Monday 30 May 2011

May, May, Go away, Go away…


Still a day and a bit to go but looks like “sell in May and go away” did indeed work in Turkish markets. This is despite the fact that everyone and their dogs expected a “pre-election rally”. That was probably part of the reason why recent correction came with such a vengeance.

Barring a dead-cat bounce I am still not enticed by the prospect of Turkey within the EM equity space. Funds are waiting at the wings to re-enter EM equity for 2 reasons:

  • That inflation and policy rates will peak sometime in early summer
  • Soft spot in global economic growth will not last beyond Q3

These are neither relevant nor helpful for Turkey. There is bound to be tightening after the election of some sort so austerity story is about the start in Turkey when it is about to reach its end elsewhere in emerging markets. As far as the growth is concerned, heaven forbid that Turkish economy gets a second wind from re-accelerating global growth.

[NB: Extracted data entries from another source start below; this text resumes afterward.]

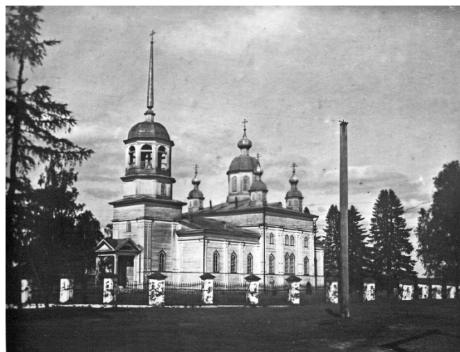
Рис. 6. Церковь Рождества Христова в Прилуцком приходе. 1869–1874 годы

История церквей Прилуцкого прихода, реконструированная по письменным документам и изобразительным источникам, раскрывает богатое типологическое многообразие шатровых и кубоватых церквей, дополняет картину бытования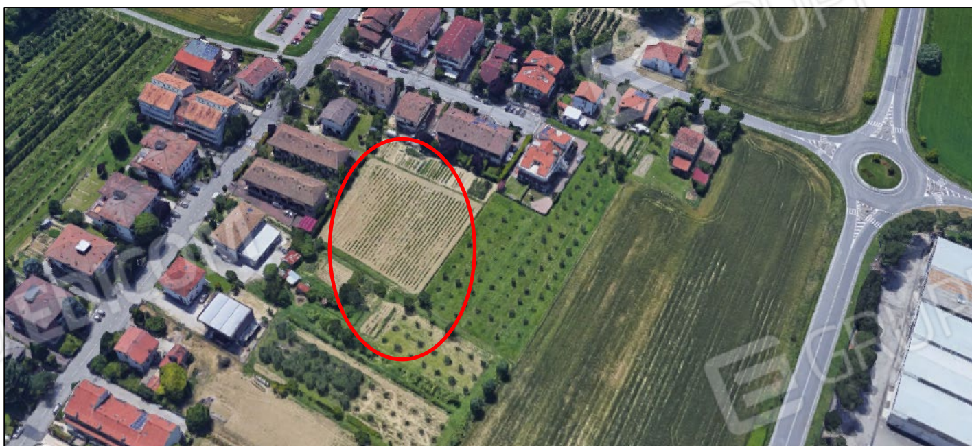
Forlì - via Bruciapecore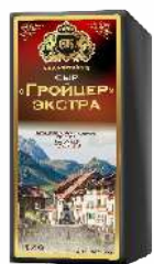
Сыр «Гройцер» экстра 50 %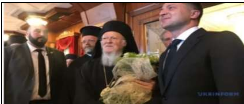
Presidente de Ucrania habla por teléfono con el Patriarca Ortodoxo de Constantinopla

Recordemos hermanos que la Iglesia Católica se ha inventado la adoración a María, la madre de Jesús, la cual ellos dicen que nunca murió sino que subió viva al cielo libre de pecado, cosa que no aparece por ningún lado en la Biblia y como si fuera poco, pues, la han convertido en una diosa y además en cointercesora con Jesús, es decir, que ella también puede perdonar pecados y te puede hacer ganar la salvación eterna.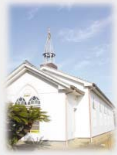
カトリック呼子教会(殿ノ浦西)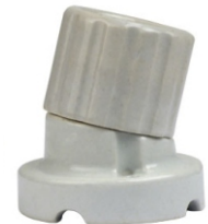
PORCELANA E27 INCLINADO DESMONTÁVEL BPA 27023

I have been very vocal lately about the current account deficit issue being a savings-investment gap. Until recently it seemed to have fallen on deaf ears but getting some traction lately. The problem is getting this financing gap down is harder than it looks. That is pushing up savings rate without undermining desirable investment growth. Savings are difficult to manage outside of the public sector. Demographic factors are often overlooked but play a key role in savings behaviour. Young Turks are risk takers and will run their balance sheets as aggressively as possible, borrowing, investing, going bust, coming back re-investing etc. It is usually assumed that retirement fund contributions are an obvious way to increase savings of the household sector. Sadly that may not work as higher retirement income tends to lead to running down precautionary savings now. Alas financial suppression still seems to be the only way beyond running tight fiscal policy (and hoping Ricardian equivalent does not kick in).